(Work request)
Retype the lines from the one containing "Ornée de 3 somptueuses" through the last line of the entries below, exactly and in full, omitting every image.

(Records for the task)
——

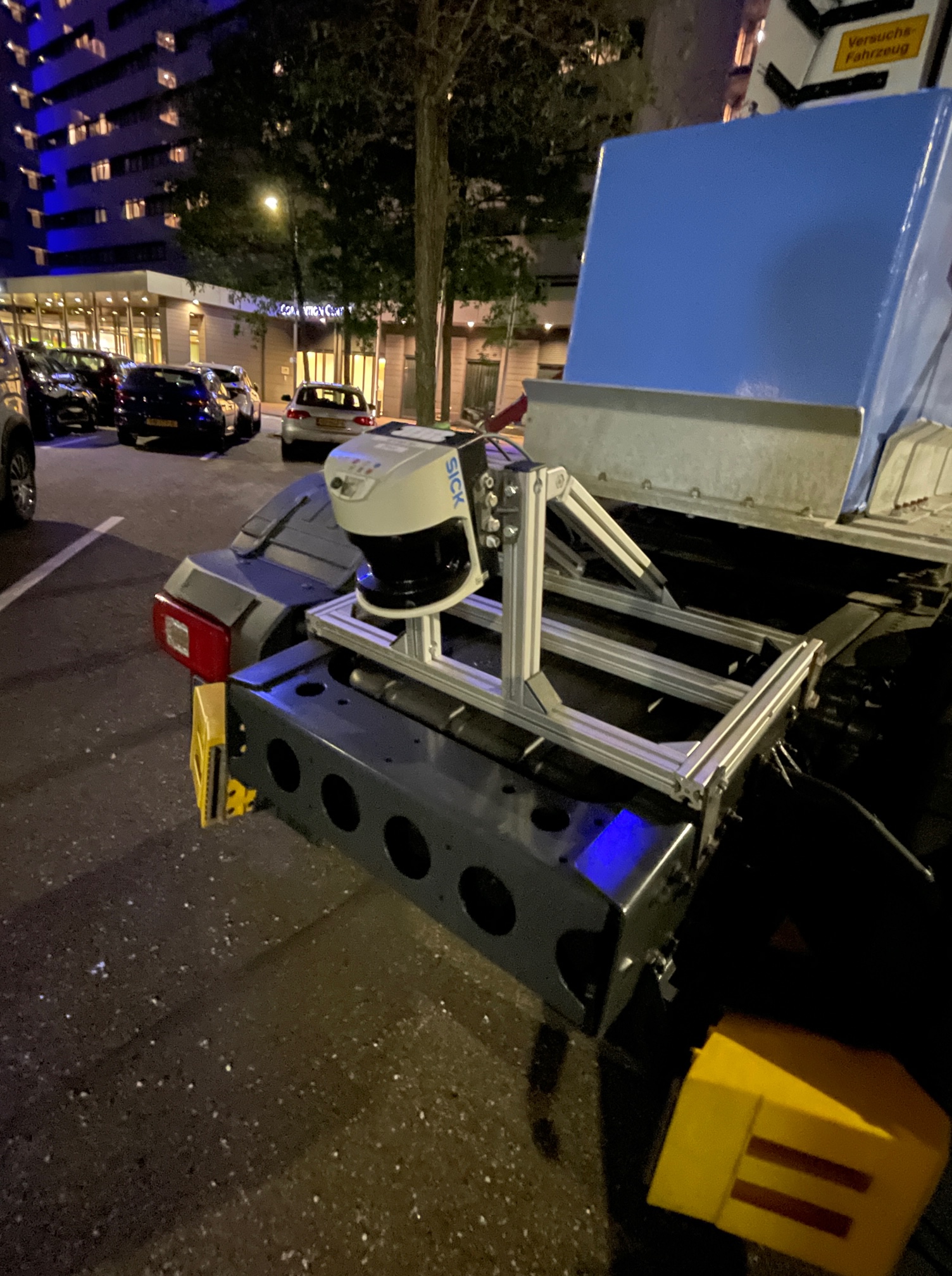 Ein autonomes Testfahrzeug eines europäischen LKWs (Zugmaschine) der Firma Iveco wurde von unserem Leser Patrick Ott heute in Amsterdam auf einem Hotelparkplatz gesichtet. Das Fahrzeug ist mit mehreren LiDARs, Kameras und Radar ausgestattet.
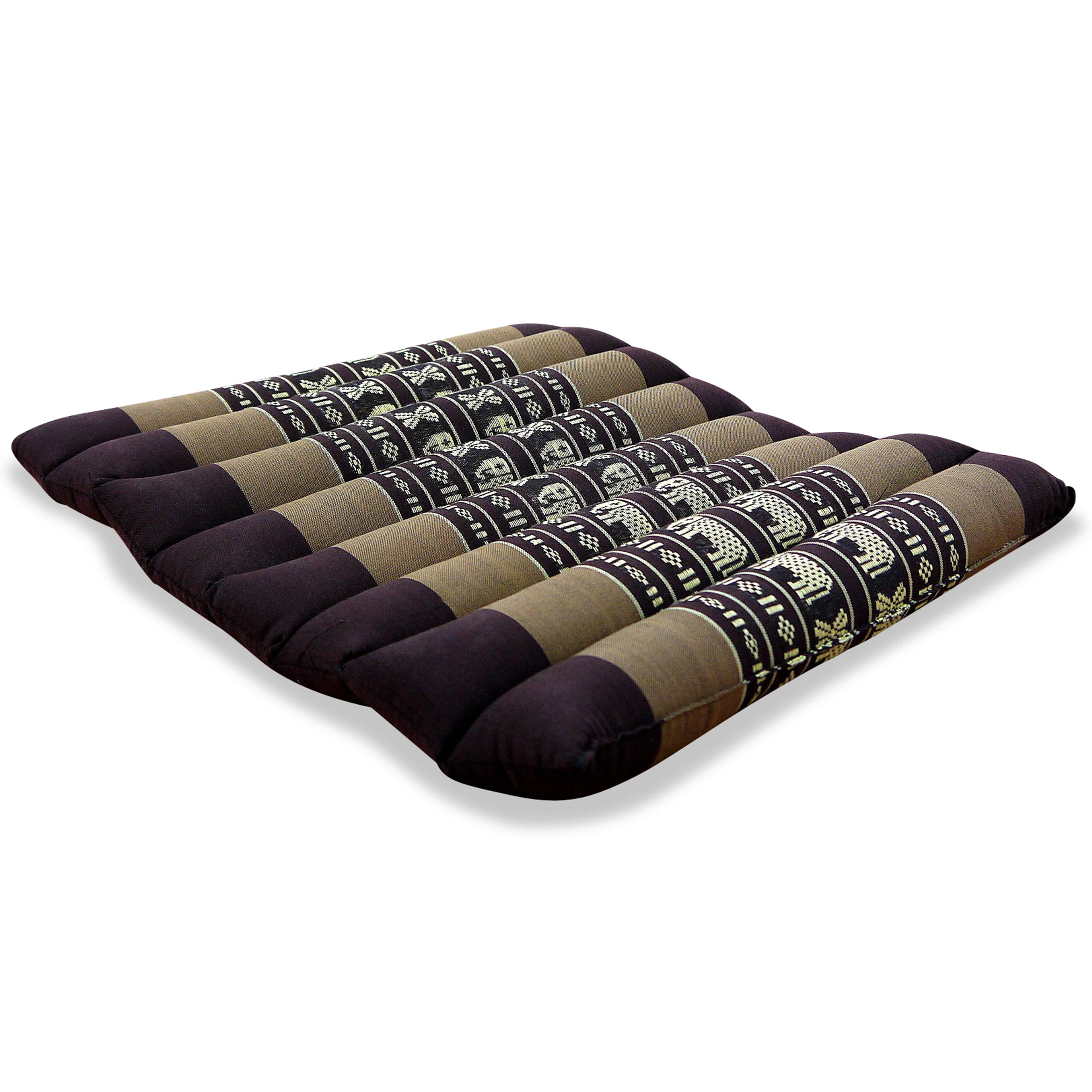 De oorsprong van het kleurrijke doorgestikte kussen ligt in Thailand. Daar is op de vloer zitten al eeuwenlang ingeburgerd. Met het doorgestikte kussen heb je ook hier altijd je Thaise accessoire bij je. Het kan neergelegd worden op een eetkamerstoel, het past op palletmeubels, maar kan ook onderweg worden gebruikt als kussen. Zo voorkom je dat je op een koude ondergrond moet zitten. Het kleine kussen kan overal worden neergelegd. De vulling van natuurlijke kapokvezels is vochtisolerend, waardoor het doorgestikte kussen in de maat M je zelfs op een vochtige ondergrond of op een boot een praktische zitgelegenheid biedt.
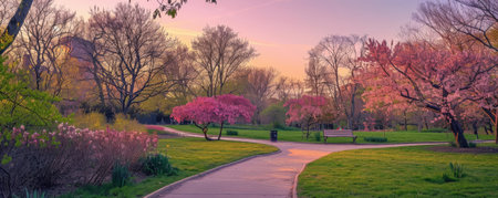 A serene park with flowering trees, a winding path, and a pastel sky.
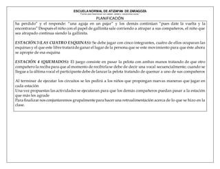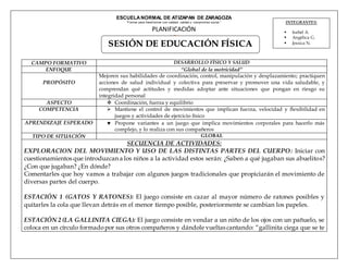 El documento presenta el plan de una sesión de educación física en la Escuela Normal de Atizapan de Zaragoza. La sesión incluye cuatro estaciones de juegos tradicionales para mejorar la coordinación y el control motor, como "gatos y ratones", "la gallinita ciega", "las cuatro esquinas" y "quemados". Al final, se pedirá a los estudiantes que propongan nuevas variantes a los juegos y dar una retroalimentación sobre la actividad.
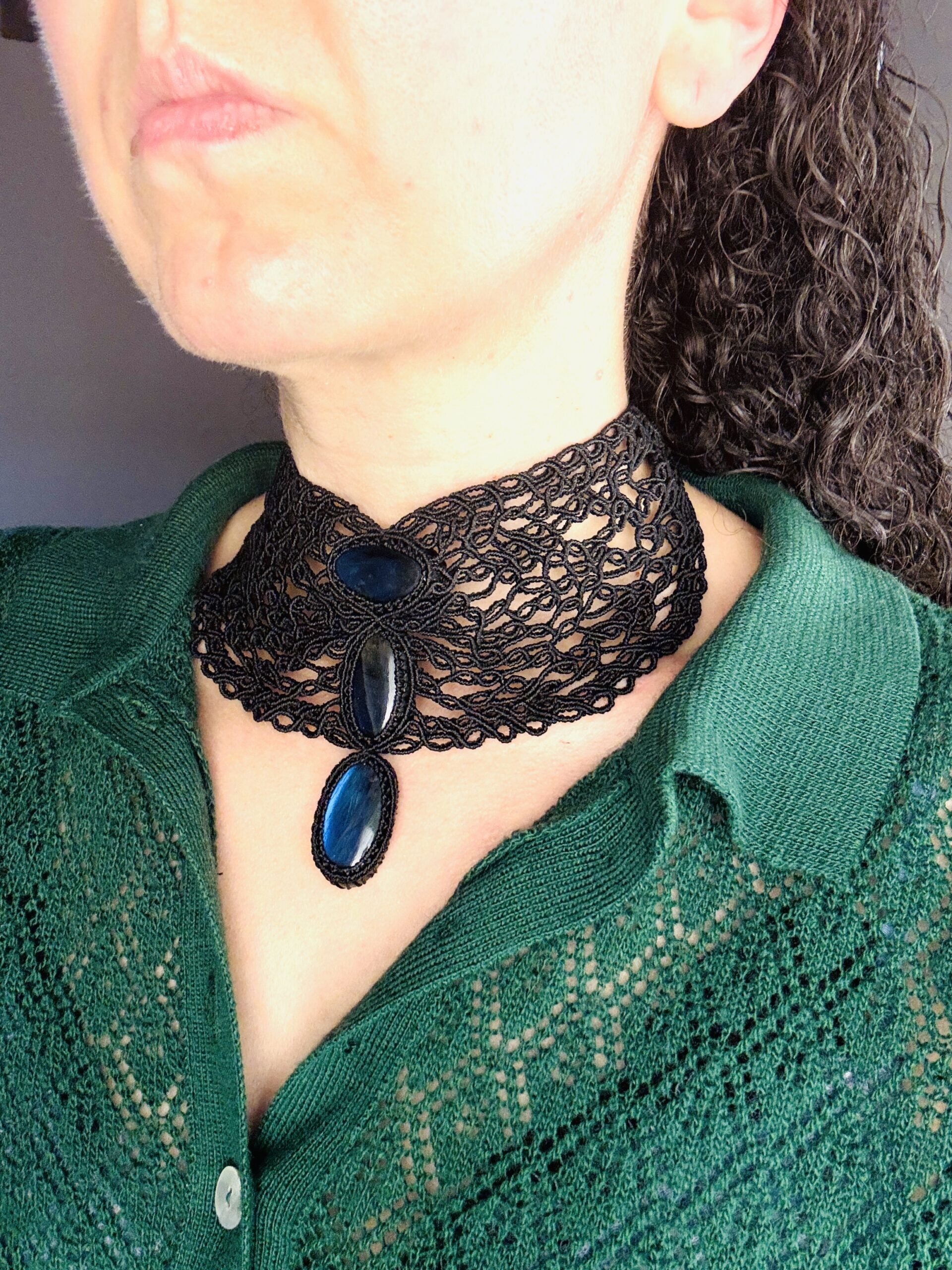 Ornée de 3 somptueuses labradorites , ce plastron est soigneusement réalisé à la main, alliant l’art du micro macramé à la beauté naturelle de la labradorite, connue pour son rôle de bouclier contre les énergies négatives.
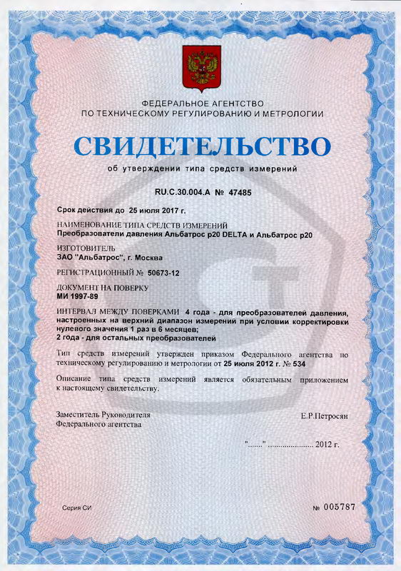 - ТУ 4212-026-29421521-11 «Преобразователи давления Альбатрос p20. Технические условия».

——

(Answer box)
 Ornée de 3 somptueuses labradorites , ce plastron est soigneusement réalisé à la main, alliant l’art du micro macramé à la beauté naturelle de la labradorite, connue pour son rôle de bouclier contre les énergies négatives.
 - ТУ 4212-026-29421521-11 «Преобразователи давления Альбатрос p20. Технические условия».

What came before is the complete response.